= Task prompt =
Your job is to retype the records exactly while dropping every picture.

(Data excerpts)
========
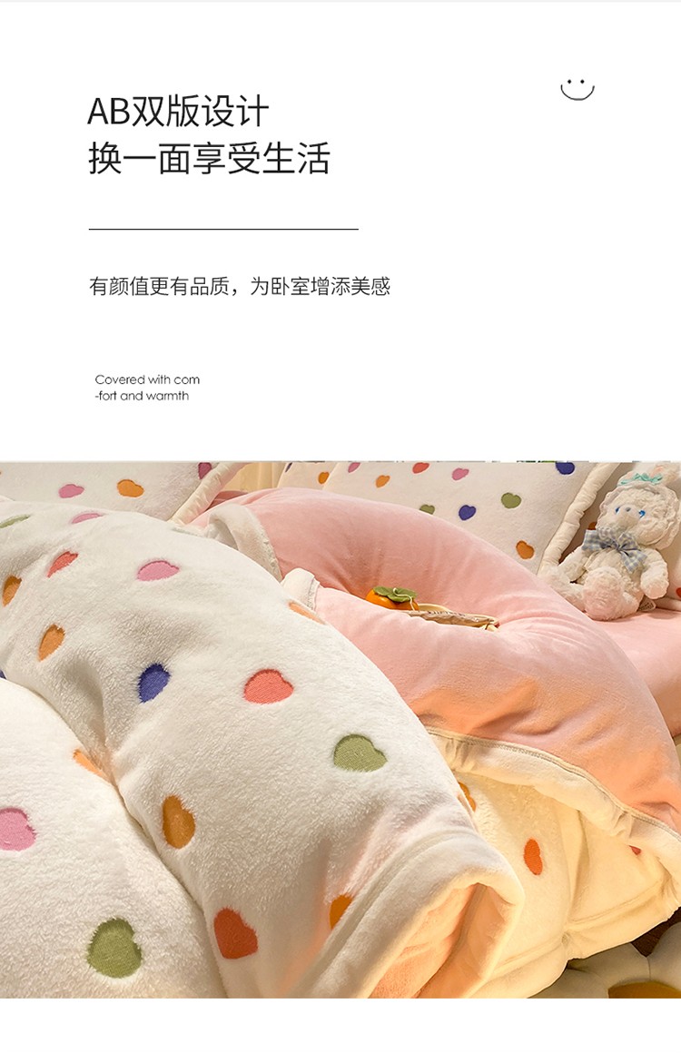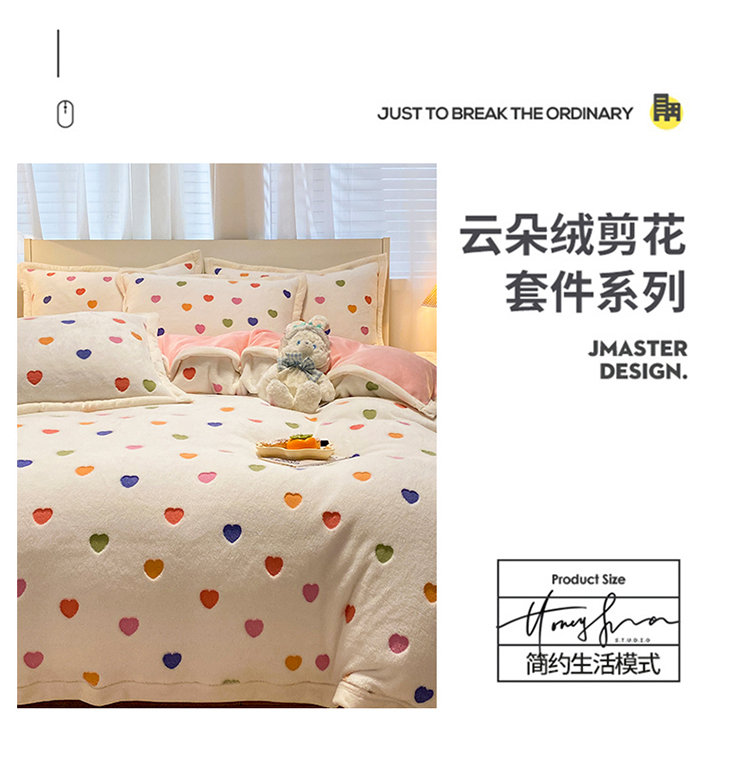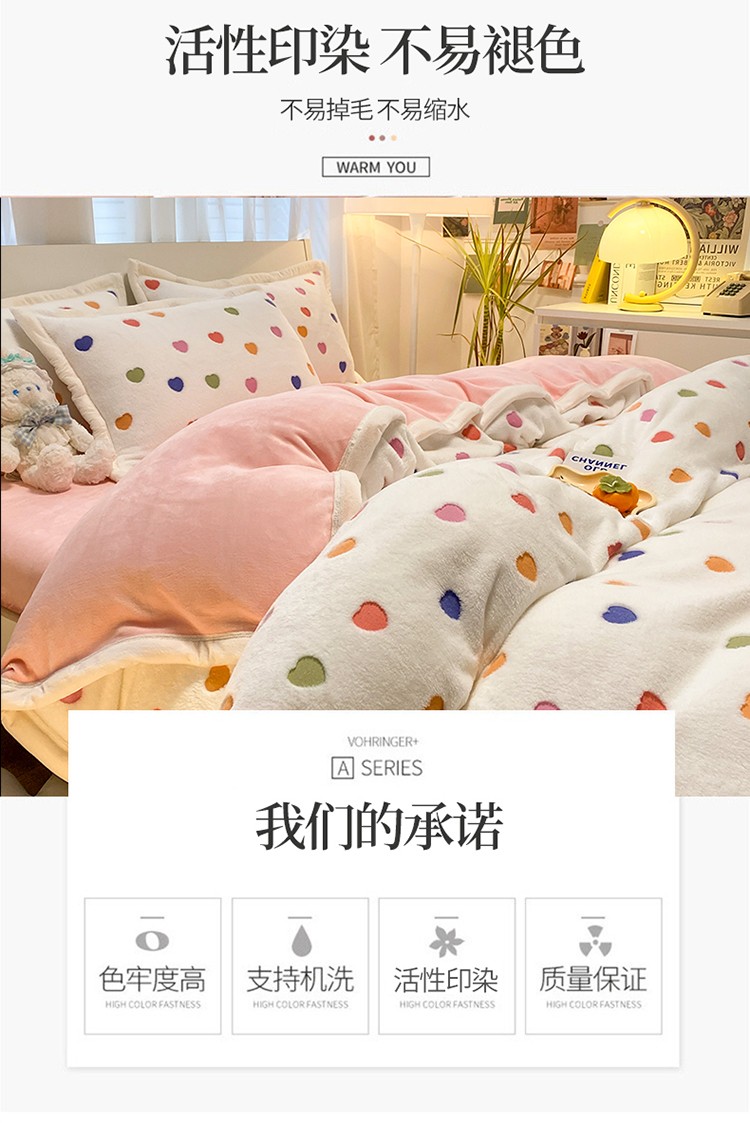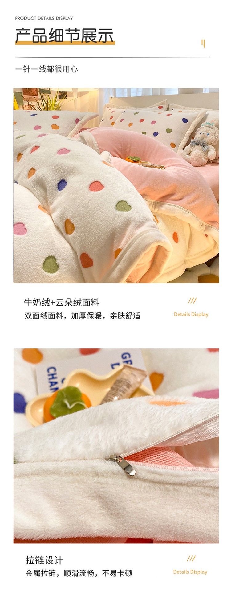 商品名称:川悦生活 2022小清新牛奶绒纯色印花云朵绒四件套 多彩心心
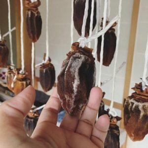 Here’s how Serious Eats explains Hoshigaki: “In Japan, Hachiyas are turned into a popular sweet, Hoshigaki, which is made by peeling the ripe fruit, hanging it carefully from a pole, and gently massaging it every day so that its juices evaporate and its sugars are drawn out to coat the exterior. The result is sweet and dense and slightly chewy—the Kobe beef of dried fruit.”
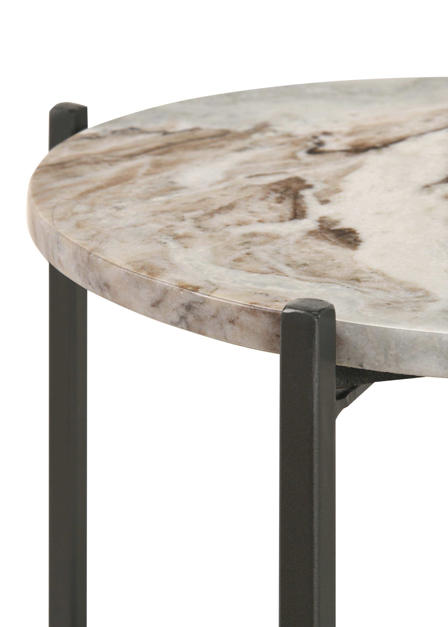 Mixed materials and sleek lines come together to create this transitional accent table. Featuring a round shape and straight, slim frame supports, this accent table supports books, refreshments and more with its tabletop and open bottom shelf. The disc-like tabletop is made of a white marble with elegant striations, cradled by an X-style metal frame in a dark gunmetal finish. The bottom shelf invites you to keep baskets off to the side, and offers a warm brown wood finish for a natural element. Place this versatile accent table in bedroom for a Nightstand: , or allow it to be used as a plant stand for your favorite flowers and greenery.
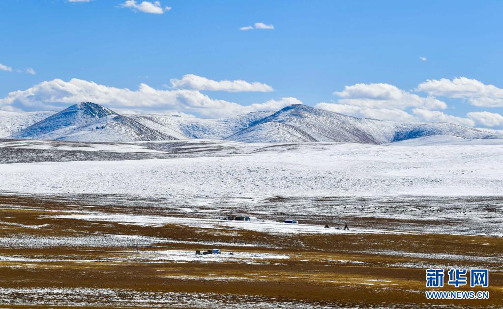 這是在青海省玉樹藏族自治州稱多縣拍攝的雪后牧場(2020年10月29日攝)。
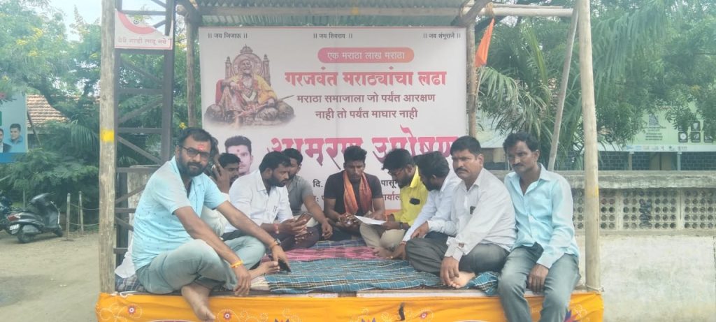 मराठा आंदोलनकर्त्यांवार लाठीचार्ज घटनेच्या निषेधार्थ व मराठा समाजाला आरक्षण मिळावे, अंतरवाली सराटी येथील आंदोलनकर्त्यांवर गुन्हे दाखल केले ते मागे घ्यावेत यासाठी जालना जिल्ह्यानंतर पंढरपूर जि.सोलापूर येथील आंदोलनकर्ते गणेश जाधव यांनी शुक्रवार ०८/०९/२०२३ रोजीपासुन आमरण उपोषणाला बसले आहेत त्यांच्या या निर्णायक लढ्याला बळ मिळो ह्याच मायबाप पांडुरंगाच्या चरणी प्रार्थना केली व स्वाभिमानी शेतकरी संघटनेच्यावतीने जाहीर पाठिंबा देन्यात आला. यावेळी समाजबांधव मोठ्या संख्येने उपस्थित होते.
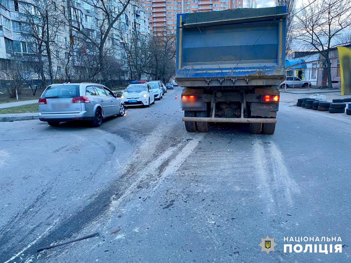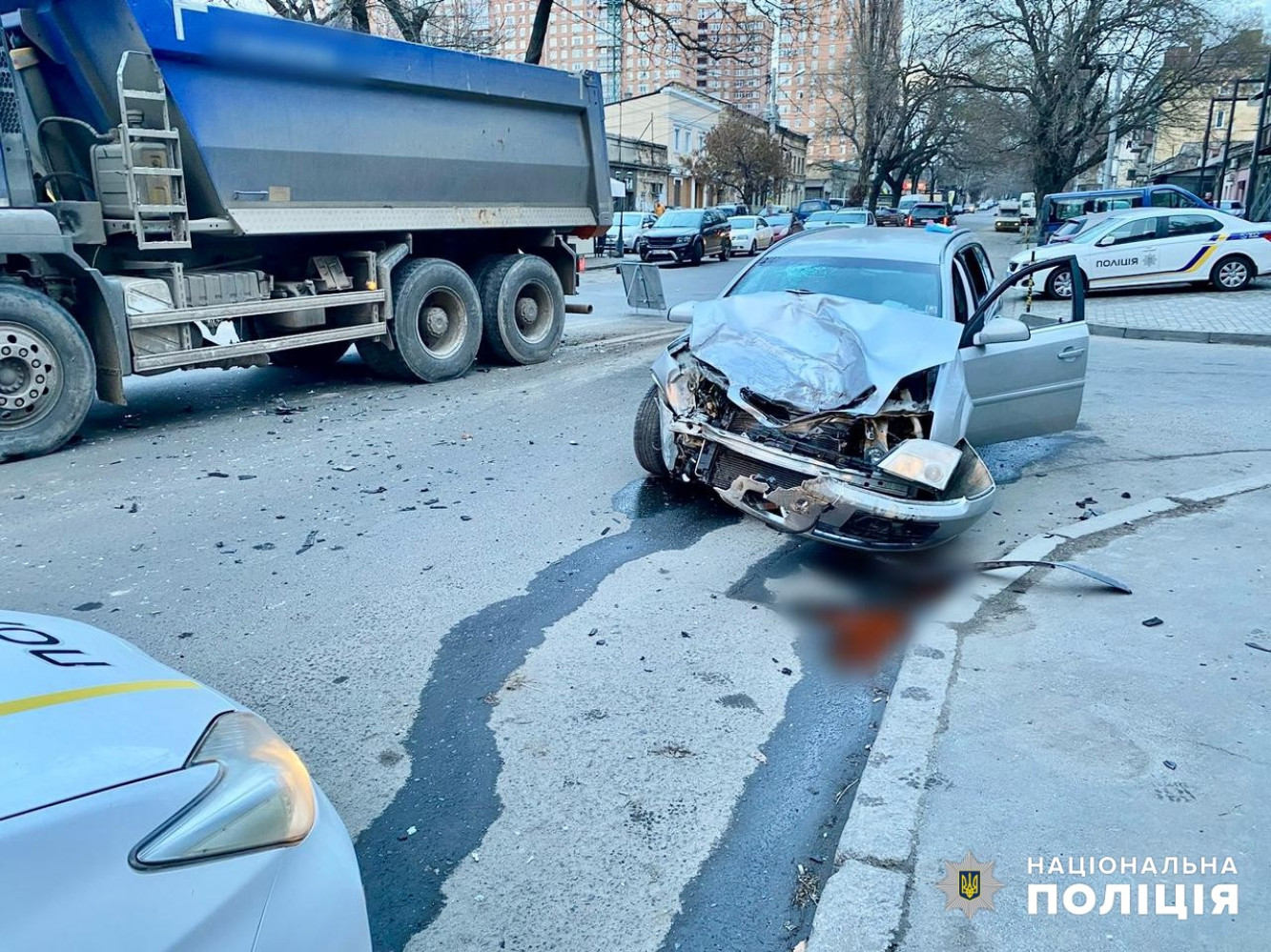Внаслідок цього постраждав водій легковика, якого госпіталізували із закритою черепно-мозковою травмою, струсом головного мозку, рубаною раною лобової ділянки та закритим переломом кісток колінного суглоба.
========
= Answer section =
 商品名称:川悦生活 2022小清新牛奶绒纯色印花云朵绒四件套 多彩心心
 Here’s how Serious Eats explains Hoshigaki: “In Japan, Hachiyas are turned into a popular sweet, Hoshigaki, which is made by peeling the ripe fruit, hanging it carefully from a pole, and gently massaging it every day so that its juices evaporate and its sugars are drawn out to coat the exterior. The result is sweet and dense and slightly chewy—the Kobe beef of dried fruit.”
 Mixed materials and sleek lines come together to create this transitional accent table. Featuring a round shape and straight, slim frame supports, this accent table supports books, refreshments and more with its tabletop and open bottom shelf. The disc-like tabletop is made of a white marble with elegant striations, cradled by an X-style metal frame in a dark gunmetal finish. The bottom shelf invites you to keep baskets off to the side, and offers a warm brown wood finish for a natural element. Place this versatile accent table in bedroom for a Nightstand: , or allow it to be used as a plant stand for your favorite flowers and greenery.
 這是在青海省玉樹藏族自治州稱多縣拍攝的雪后牧場(2020年10月29日攝)。
 मराठा आंदोलनकर्त्यांवार लाठीचार्ज घटनेच्या निषेधार्थ व मराठा समाजाला आरक्षण मिळावे, अंतरवाली सराटी येथील आंदोलनकर्त्यांवर गुन्हे दाखल केले ते मागे घ्यावेत यासाठी जालना जिल्ह्यानंतर पंढरपूर जि.सोलापूर येथील आंदोलनकर्ते गणेश जाधव यांनी शुक्रवार ०८/०९/२०२३ रोजीपासुन आमरण उपोषणाला बसले आहेत त्यांच्या या निर्णायक लढ्याला बळ मिळो ह्याच मायबाप पांडुरंगाच्या चरणी प्रार्थना केली व स्वाभिमानी शेतकरी संघटनेच्यावतीने जाहीर पाठिंबा देन्यात आला. यावेळी समाजबांधव मोठ्या संख्येने उपस्थित होते.
Внаслідок цього постраждав водій легковика, якого госпіталізували із закритою черепно-мозковою травмою, струсом головного мозку, рубаною раною лобової ділянки та закритим переломом кісток колінного суглоба.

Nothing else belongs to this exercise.